高校野球雑誌「ホームラン」元編集長の戸田道男氏がこう言う。
「自主性を重視する森林監督は、練習メニューを選手自身に考えさせることが多いそうです。『フラットな関係が築けない』と選手に『森林監督』ではなく『森林さん』と呼ばせている。怒鳴らないために拡声器を使ったり、グラウンドで必要な指示が聞こえるように、アマチュア野球では当たり前の『声出し』も禁止。他校を分析する『データ班』は、強豪校では指導者が行うことが多いのですが、慶応はメンバー外の3年生が行っていて的確と話題。
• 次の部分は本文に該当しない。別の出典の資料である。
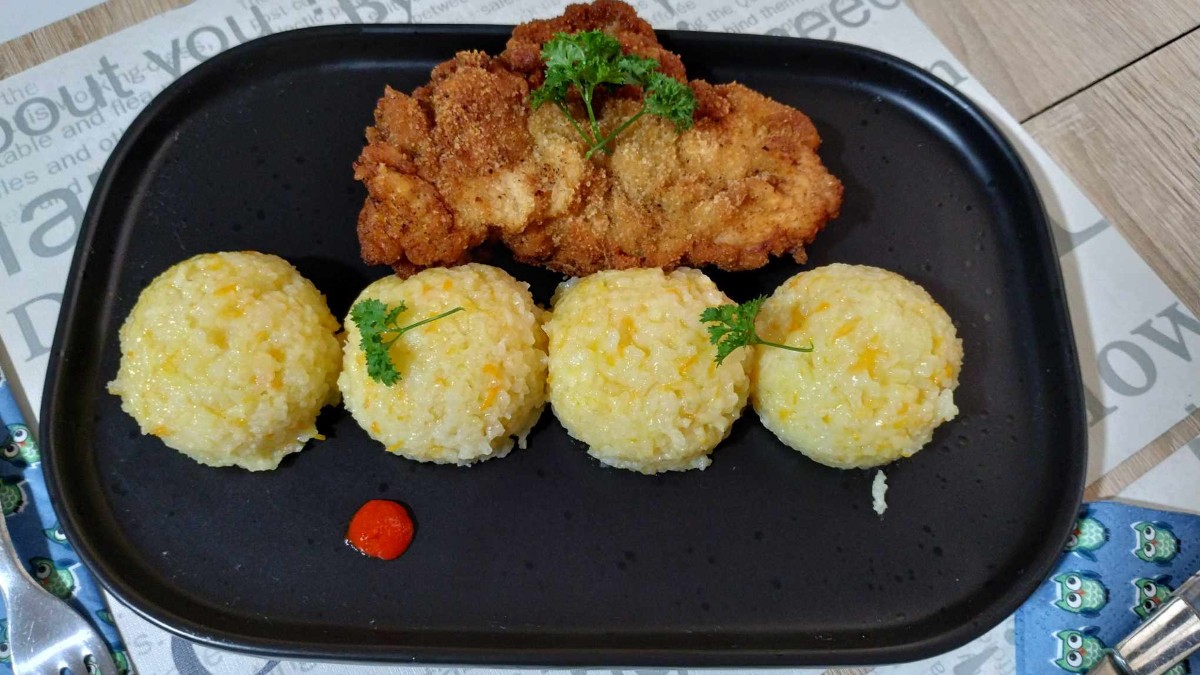 Fél kg csirkemellet felszeletelek nem túl vékonyra, majd megsózom, borsozom. Három házi tojást felverek egy evőkanál vastag tejszínnel, majd egy dl tejföllel, és két púpozott evőkanál liszttel jól összedolgozom. Apróra vágott metélőhagymát, kevés petrezselyemzöldet, két cikk zúzott fokhagymát is hozzáadok. Belehelyezem a csirkemellszeleteket, és egy órára a hűtőbe teszem. 20 dkg sós zabkekszet az aprítógépben megdarálok, egy evőkanál prézlivel összekeverem, majd a hússzeleteket a masszából kivéve mindkét oldalukon beleforgatom a kekszes keverékbe, és forró olajban aranysárgára sütöm. (Én, amíg forró, kevés citromhéjat is reszelek rá!) 15 dkg jázminrizst pici olajon kb. 3-4 percig kevergetek, majd feltöltöm annyi vízzel, hogy még egy ujjnyival ellepje. Sózom, majd forrás után, lefedve kb. 8 percet főzöm, majd félreveszem, és több konyhakendővel jól betakarom. Így hagyom állni 20 percig. 15 dkg parmezánt lereszelek, hozzákeverem, majd 5 dkg jó minőségű vajat is. Pici darált bors és kevés só mehet még hozzá. Alaposan összekeverem, és kb. 10 percig állni hagyom, hogy összeérjenek az ízek. Gombócokat formálok belőle, és tálalom!

大学生の学生コーチもいる。学業をおろそかにすれば、あの清原和博さんの次男・勝児(2年)でも忖度なしで留年する。一般の生徒と同じクラスのため、勉強についていくのが大変なので、練習も短時間で集中してやっているようです。野球部の寮もありません」
慶応OBが明かす。
「ある日、守備の連係プレーの練習をしていて、選手が『内野手はこう入った方がいいんじゃないですか』と森林監督に提案したら『そうしてみよう』となった。別の選手が『この練習は実戦に合わないんじゃないですか』と言ったら、話し合いの末にその練習が取りやめになった。監督がトップダウンで決めることはあまりありません」
■他校とはひと味違うスカウティング
慶応には野球推薦はないものの、スポーツ活動や文化活動も含めた推薦入試制度がある。野球部に入部したい中学生がこの入試で入れるのは1学年10人弱。中学の内申点は満点45点中38点以上が求められ、作文と面接試験を経て合否が決まる。
「補欠のミカタ レギュラーになれなかった甲子園監督の言葉」(徳間書店)など高校野球関連の著書が多数あるスポーツライターの元永知宏氏は「スカウティングも他校とは一味違います」とこう続ける。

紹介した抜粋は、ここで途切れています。